Garbage in, garbage out
"Garbage in, garbage out" (GIGO) is a concept that states poor-quality or flawed input will produce a poor-quality or flawed output. This principle applies to computer science, mathematics, and decision-making systems, emphasizing that the validity of a result is dependent on the quality of the data or information it's based on.
The GIGO principle is applicable to any system that relies on input data, including decision-making processes, analytical programs, and even large language models (LLMs). For example, inaccurate sales data will lead to flawed demand forecasts, and poor-quality training data will result in a less reliable AI.

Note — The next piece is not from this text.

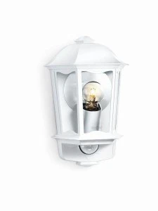 Oprawa elewacyjna z czujnikiem ruchu i zmierzchu Steinel L 190 S E27 PIR max 100W IP44 230V biała / szkło /alu ST644512

The expression was popular in the early days of computing. The first known use is in a 1957 syndicated newspaper article about US Army mathematicians and their work with early computers, in which an Army Specialist named William D. Mellin explained that computers cannot think for themselves, and that "sloppily programmed" inputs inevitably lead to incorrect outputs. The underlying principle was noted by the inventor of the first programmable computing device design:
On two occasions I have been asked, "Pray, Mr. Babbage, if you put into the machine wrong figures, will the right answers come out?" ... I am not able rightly to apprehend the kind of confusion of ideas that could provoke such a question.
This phrase can be used as an explanation for the poor quality of a digitized audio or video file. Although digitizing can be the first step in cleaning up a signal, it does not, by itself, improve the quality. Defects in the original analog signal will be faithfully recorded, but might be identified and removed by a subsequent step by digital signal processing.
The phrase may also be used in the context of machine learning, where poor-quality training data will inevitably lead to a poor-quality model.